Jessica and Jerry Seinfeld Are Very Much Pro-Tipping

“I like the arguments.” Photo: Kevin Mazur/Getty Images

Since Danny Meyer announced in October that he’d eliminate tipping at all of his restaurants, reactions have been … mixed. Some people applaud the move; others worry that the quality of service will suffer if staffers aren’t incentivized. And, when Grub caught up with Jessica and Jerry Seinfeld at last night’s Baby Buggy Gala, they told us that they, too, don’t want to see the custom end.

“I was so broke my whole life that my great pleasure is giving big tips,” says Jessica, who worked as a waiter and busser. “I’ll be sad if that’s taken away from me.” Jerry, however, has other reasons: “Comedy-wise, I really like tipping. I like the arguments. I like the weirdness. I like the whispering — there’s no tipping without whispering. How much should I give? It’s always done like it’s illegal for some reason … like if you tip a car valet or a bellman it all has to be done like we don’t want to get caught doing this.”

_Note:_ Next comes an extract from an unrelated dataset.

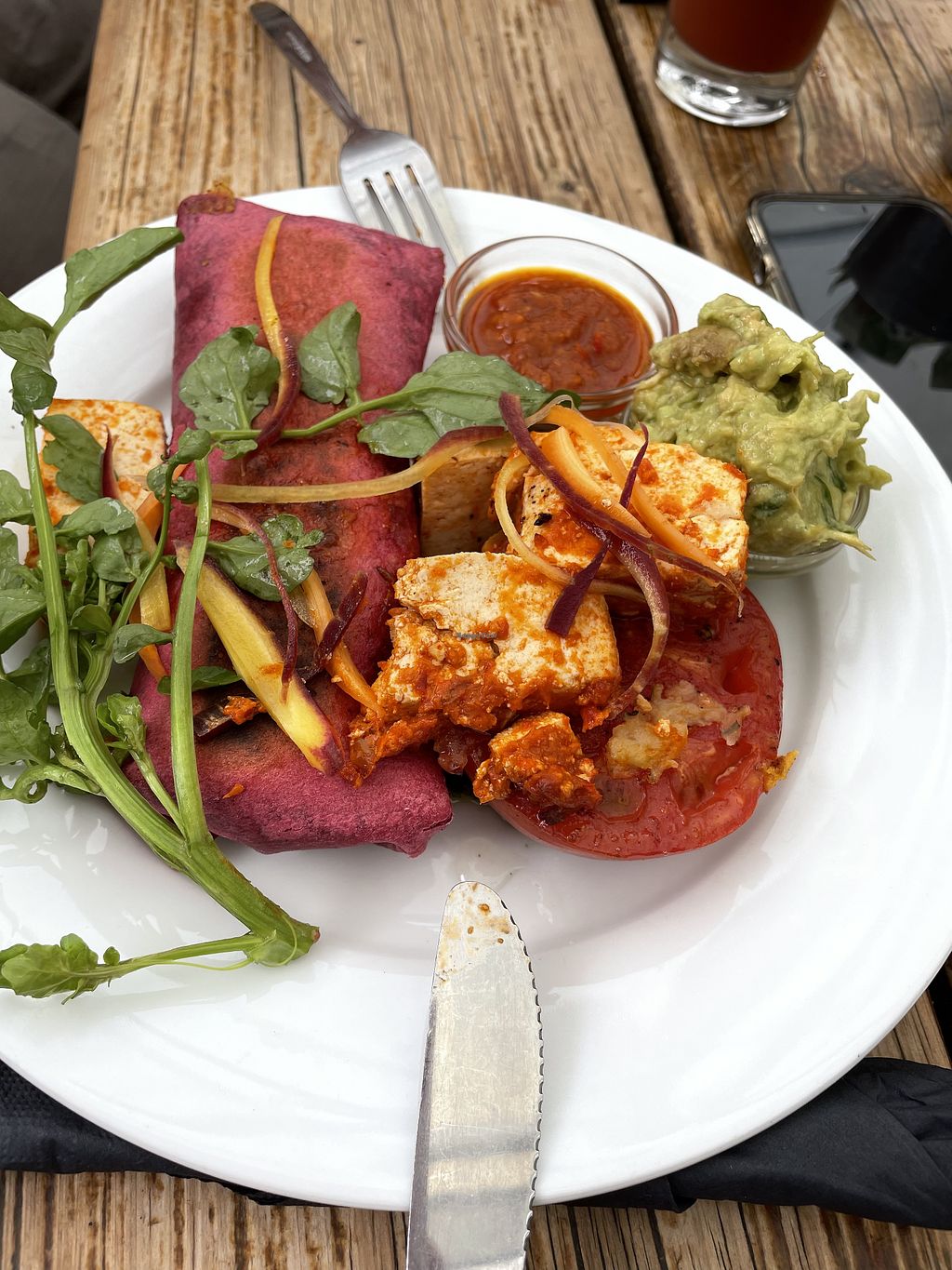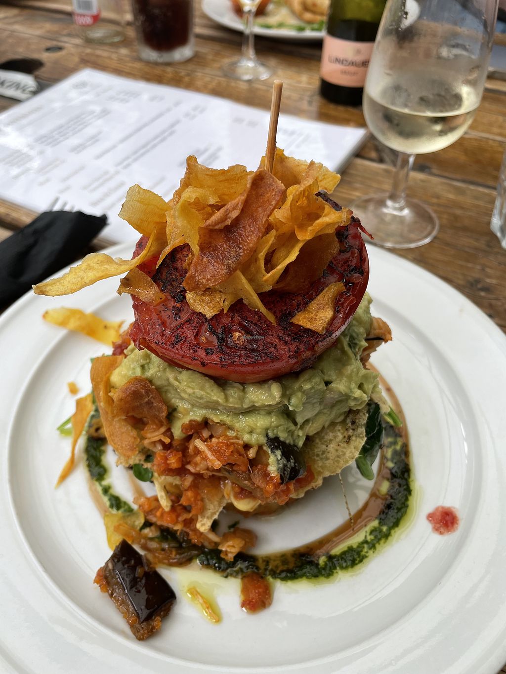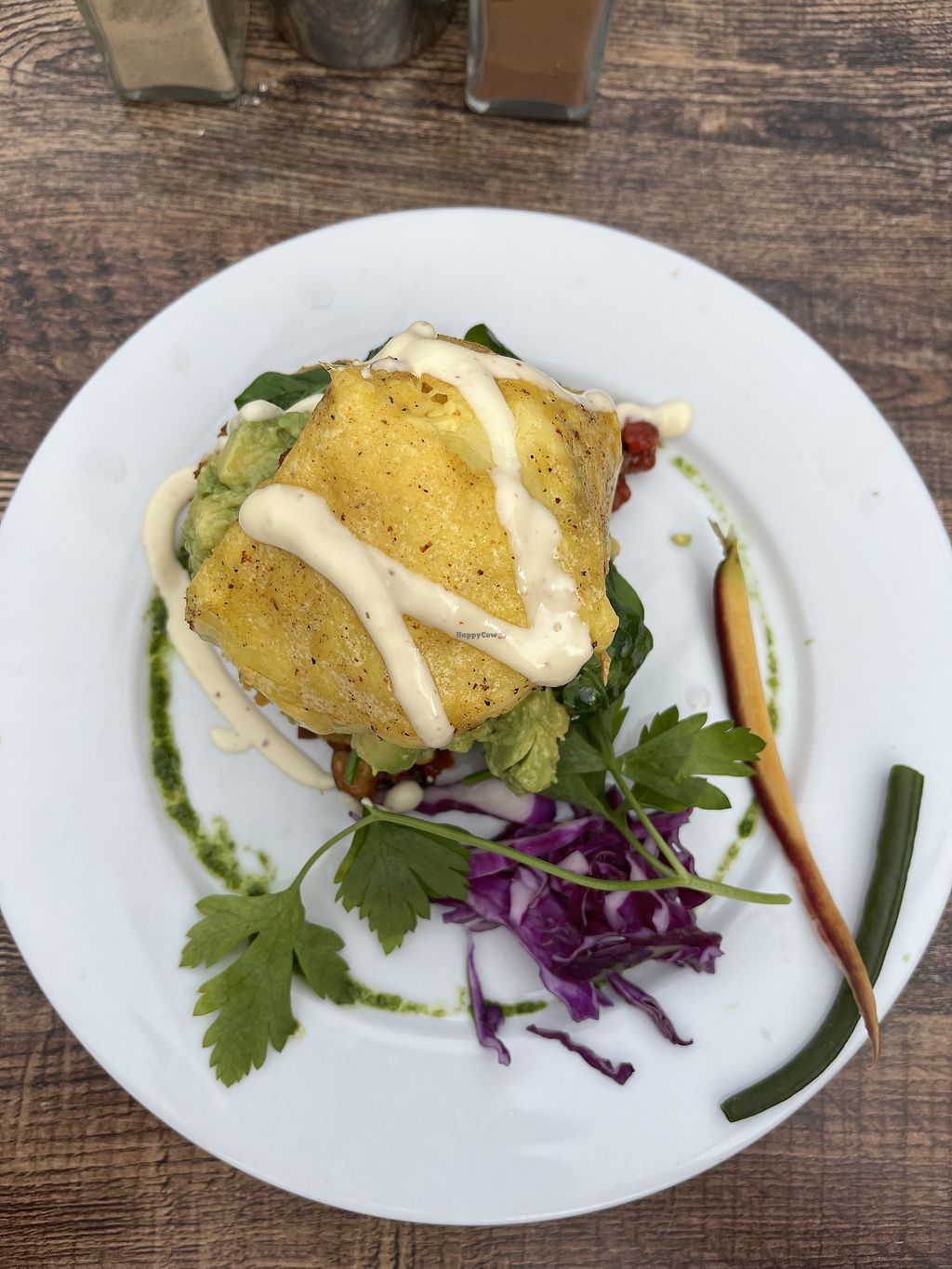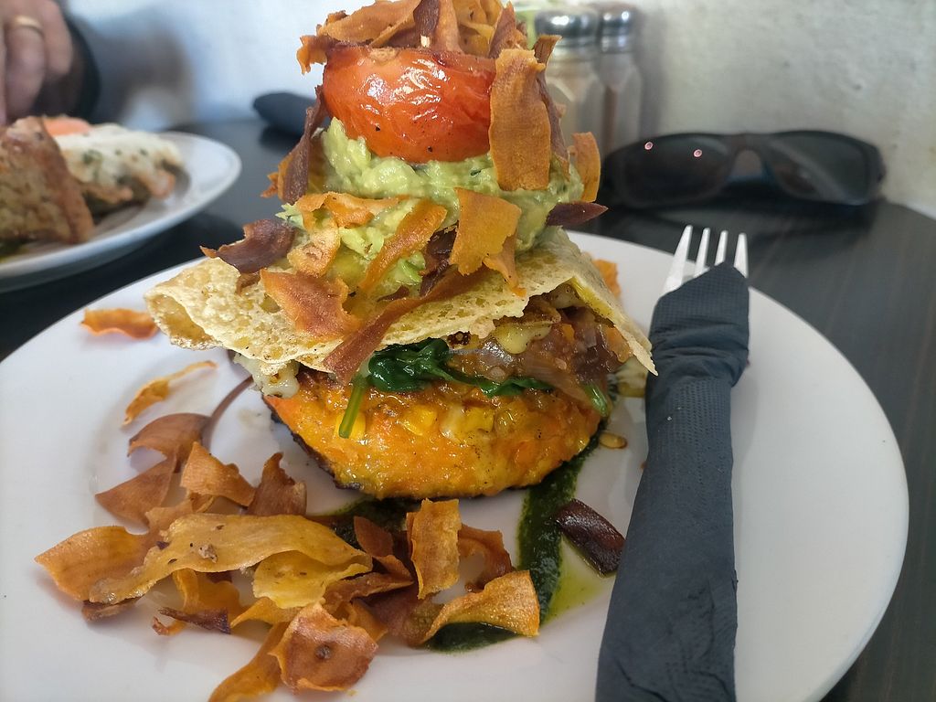 Corn cake with spinach, Avocado, tomatoes and vegan mozzarella

Did Jerry ever have a job where he got tipped? “Yes,” he says. “I was a waiter. That was my last real job.” Any strategies for pulling in bigger tips? “Just ask them one time if everything’s okay. At the right time. You don’t wait until they’re just about done to ask how it is, and you don’t do it before they’ve really eaten. You’ve got to give them that five minutes so if it’s not good they can send it back. That’s pretty much being a waiter. And then, you know, you’ve got to run around.”

This, however, is no small matter for the Seinfelds. As Jerry explained later during his set, restaurants are a big part of life in NYC:

We live in New York. Every day of life in this goddamn city I gotta hear about a restaurant that’s great. “We got a great restaurant, everybody loves how great the food, it’s great. You would love it, Jerry.” This is another New York thing. People single you out. You. “You have to go to this place.” You alone. Did you like it? “I didn’t care for it myself, but you.”

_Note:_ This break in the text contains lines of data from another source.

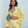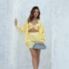 O Top Molly é feito em malha canelada de poliamida com elastano. A peça traz bojo embutido para sustentação confortável e alças finas fixas que valorizam o colo com leveza. O destaque fica por conta do torcido frontal, que cria um efeito moderno e delicado. O tecido canelado realça a textura e garante elasticidade, ideal para dias quentes e produções casuais com um toque sofisticado.
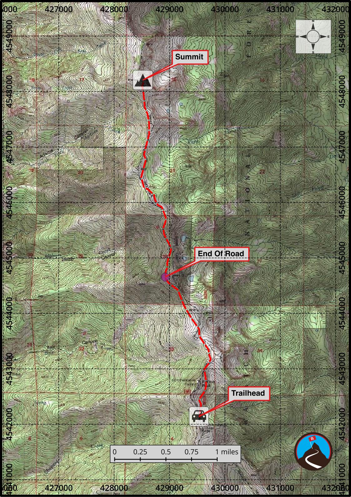 Follow the single track as it runs the ridge line, starting on the west side, then crossing over to the east side to avoid several sub-peaks. About 2.5 miles (60 minutes from the end of the road), Thurston is on the right, with the trail making a fairly level traverse along its east side. Leave the main trail and follow a social trail up the south ridge to the true summit. (Many options.)
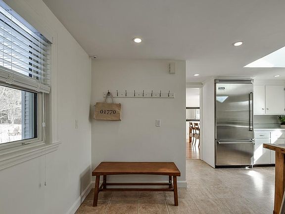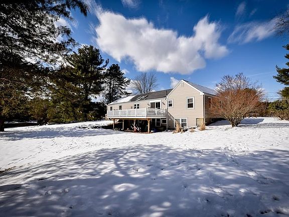 One floor living at it's best: Updated ranch, MOVE-IN CONDITION, on 2 + ACRES with NEW 4 BEDROOM SEPTIC, 2 CAR GARAGE for $529,000! This sun filled home offers so much: kitchen with white cabinets, skylights, Wolf 6 burner gas stove, Viking stainless refrigerator and pantry, dining area with slider to large, maintenance free deck, living room with wood burning fireplace, 3 good sized bedrooms and 1.5 updated baths round out the 1st floor. The walk-out lower level with all new flooring offers an all-purpose space with laundry, sitting area with fireplace and storage, 4th bedroom, 3/4 bath and utility room. Out-building is historic to property and offers great renovation potential; chicken coop and fenced area is newer; Commuter rail 5 miles away. Top ranked schools, beautiful natural resources, pristine Farm Pond, COME SEE this home and be a part of a great community!
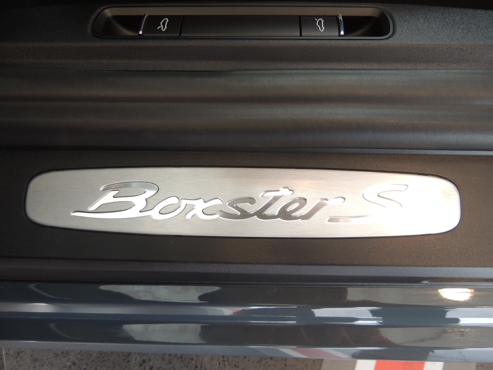 Desde una perspectiva lateral, el modelo se identifica por las formas de sus aletas y faldones. Unas tomas de aire más grandes y divididas por láminas que optimizan el suministro de aire, resaltan el aspecto dinámico del auto. Las puertas se han diseñado con las manillas integradas en la carrocería. Espejos laterales con montantes en forma de V, además de los rediseñados umbrales inferiores de las puertas. El Boxster calza neumáticos Pirelli PZero de medida 235/40 ZR19, mientras que el Boxster S calza Pirelli PZero de medida 235/35 ZR20
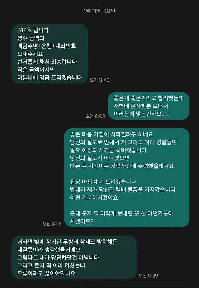 택배로 온 생수 훔쳐간 절도범이 새벽에 보낸문자
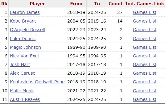 湖人隊史30+5+5+5三分場(chǎng)次:詹姆斯27 科比14 東契奇&拉塞爾2
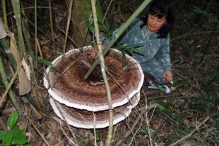 O local onde o cogumelo gigante foi encontrado é de transição entre dois ecossistemas, a Mata de Araucárias e a Mata Atlântica densa do vale do Rio ItajaÃ. A exuberante diversidade de cogumelos da Mata Atlântica da região norte de Santa Catarina pode ser vista no site do Instituto Rã-bugio.
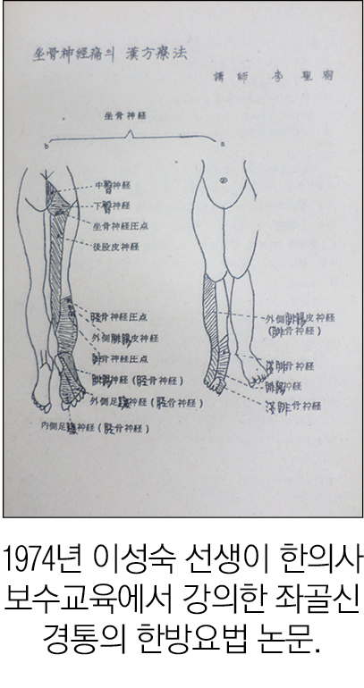 1974년 발표한 李聖宿先生의 ‘坐骨神經痛의 한방요법’

I don’t want to go to the great restaurant. I don’t want to see them act out the specials. I can’t take the performance anymore. That it’s pan-seared and it’s herb-crusted and we’re going to drizzle it with something that’s a reduction of something else. Stop drizzling! Maybe if you didn’t reduce it so much you wouldn’t have to drizzle it. Just once I’d like to have a waiter say to me, “I got a piece of chicken, I’ve got a can of juice. I take a screwdriver, I pop the top on the can, and I dump the juice on the chicken. That’s the special.”

It takes two and a half hours, your ass is hurting by the end of it, it’s not half as good as a bowl of Lucky Charms and Pepsi anyway.